Далее мы публикуем небольшой отрывок из книги Сяо Ань:
Старик, охранявший ворота
…как только я подошла ко входу, старик-охранник открыл мне тяжелые ворота и смешно пробормотал: «Девушкама, просима». Потом он вновь сказал: «Девушкама, вама присла письмо, вы полусяма», и протянул мне жесткий конверт. Я улыбнулась и повторила: «Я полусяма».
Старик говорил с японским акцентом, но японцем он не был и в Японии никогда не бывал — да и акцент его не был истинно японским, он просто однажды возник в его голове и начисто выместил китайскую речь. Да, старик был сумасшедшим, самым старым больным нашей лечебницы, который появился здесь даже раньше нынешнего директора. В 1961 году он, еще будучи студентом Западно-китайского медицинского университета, впервые приехал в наши далекие края на практику. Поначалу он, конечно, говорил нормально, как и все мы — на китайском языке, и даже быстро обучился сычуаньскому диалекту. Тогда он влюбился в одну из местных медсестер, ходил с ней на танцы, любовь была страшная. Чудесные деньки, жаркое сычуаньское лето, заросли густых, тяжелых желтых цветов вокруг нашей больницы — где это сейчас, куда это все ушло?…
А однажды он проснулся, открыл глаза, в голове его что-то щелкнуло, и вся китайская речь во рту внезапно превратилась в ломаную японскую. Более того, у него еще и воображаемая японская возлюбленная появилась. Он вышел в зал и сказал на японском маме: я хочу написать письмо госпоже Нацуко. «О боги», — ужаснулась та, — «на каком это странном языке ты говоришь, и кто такая эта Нацуко?» Он подумал: «Да, стара стала моя мама, с памятью у нее уже проблемы, даже Нацуко она забыла, а мне, пожалуй, лень ей объяснять». Поэтому он вернулся в комнату и начал писать своей воображаемой девушке письмо. Закончив с любовным посланием, он спокойно встал и отправился на работу, следить за сумасшедшими.
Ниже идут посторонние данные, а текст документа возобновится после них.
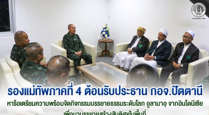 รองแม่ทัพภาคที่ 4 ต้อนรับประธาน กอจ.ปัตตานี หารือเตรียมความพร้อมจัดกิจกรรมบรรยายธรรมระดับโลก อูลามาอฺ จากอินโดนีเซีย เพื่อมาบรรยายสร้างสันติสุขในพื้นที่
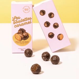 Offrez seize délicieuses boulettes de caramel tendre enrobées de chocolat noir et saupoudrées de fleur de sel. À la chocolaterie de quartier Ernestine, tout est fait à la main sur place, à Montréal, avec une imagination libre.
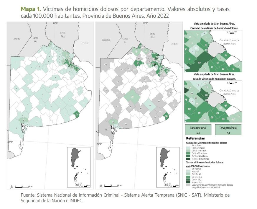 A nivel nacional, la tasa de homicidios del año 2022 fue de 4,2 cada 100 mil habitantes. Hubo 1.890 hechos de homicidios dolosos y 1.961 víctimas. Además, se registraron 1.253 homicidios dolosos en grado de tentativa y 1.382 víctimas.
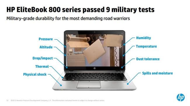 Прочность и надежность корпуса по-прежнему на очень высоком уровне. У Elitebook магниевое шасси (почему-то написано unibody), усиленное алюминиевыми вставками. 800-ая серия проходит военные тесты MIL-STD810G как на прочность корпуса, так и на сопротивляемость попаданию влаги и пыли. В частности, можно не опасаться легких ударов и падений (хотя сложно определить, что производитель имеет ввиду под «легкими») и пролитой в небольших количествах жидкости. И при этом сохраняется возможность легкого доступа внутрь корпуса для обслуживания и модернизации.
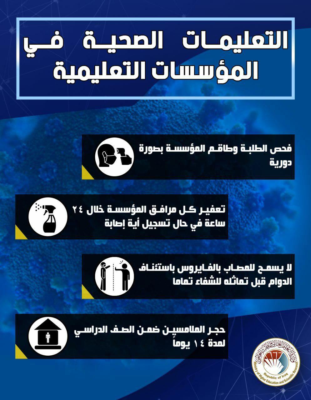 The Ministry of Higher Education and Scientific Research published health instructions to prevent communicable diseases, especially Covid 19. The Dean of the College, Prof. Dr. Abd Al-Amir Abdullah Al-Mousawi mentioned that the college, since the first day of working hours this year, has undertaken preventive measures from providing masks and sterilization materials, conducting periodic checks for students and cadres, and fumigating all laboratories after the completion of practical teaching and publishing educational posters in the corridors of the college in order to preserve the lives of our dear students and staff Teaching and our staff.

Бывшие его возлюбленные попытались было оказать ему знаки внимания, да не тут-то было — ради прекрасной Нацуко он даже прогнал метлой девушку, в которую еще вчера был горячо влюблен.
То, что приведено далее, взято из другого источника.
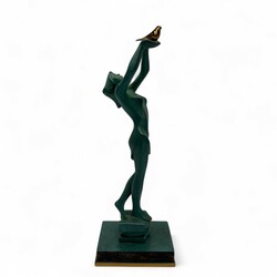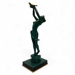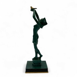 | Omschrijving | Groen gepatineerd bronzen beeld met vergulde details: gestileerde jonge vrouw die een vogel vrijlaat, staand op vierkant basement, onduidelijk gesigneerd in basement, modern |
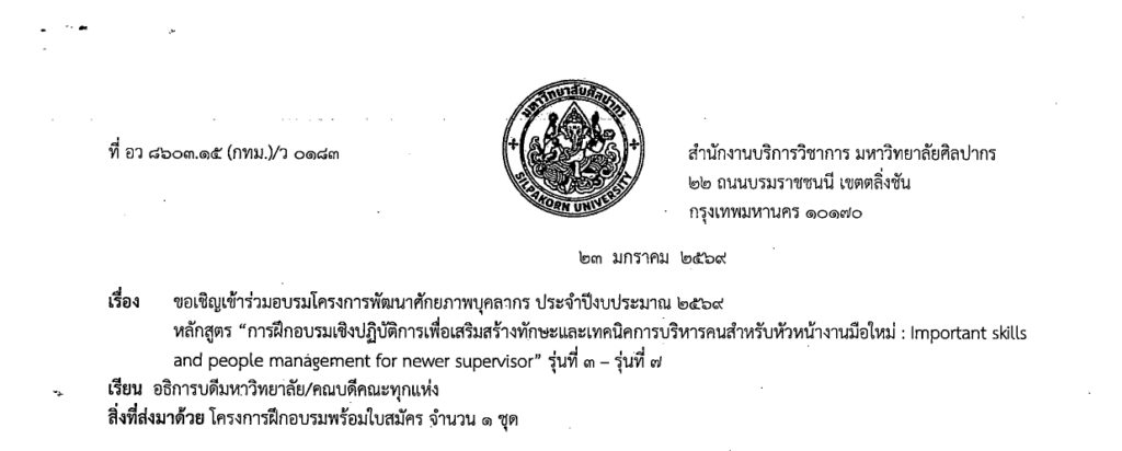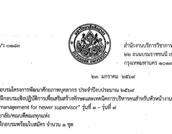 ขอเชิญเข้าร่วมอบรมโครงการพัฒนาศักยภาพบุคลากร ประจำปีงบประมาณ 2569

Одно за другим писал он письма своей японской возлюбленной на протяжении долгих лет, и когда им было написано ровно 619 писем, из врача психиатрической больницы он превратился в пациента, а затем — в старика-охранника. На конвертах его писем значилось: «в некую психиатрическую лечебницу, девушке Нацуко лично в руки». В результате кипа этих опусов сначала хранилась в комоде у старого директора, который любил на досуге почитывать их вместо любовных романов, а после его смерти письма отправились в канцелярию. Там они и пылятся по сей день, блистательные и (быть может?) талантливые любовные письма.
Спустя двадцать лет старик-охранник наконец-то понял, что же с ним произошло, перестал драться и писать любовные письма, начал послушно принимать лекарства. Единственное, что осталось с ним на всю жизнь — это японская речь, которая непонятно почему намертво впечаталась в его мозг. Охранником он был хорошим, стоял на своем посту ровно, будто бы оловянный солдатик, и отказывался присесть даже на минутку. А что же с его письмами? Помимо старого директора да самого старика, о содержании их было известно разве что Богу. Со временем эти послания точно так же, как и он сам, превратились в еще одну легенду нашей больницы.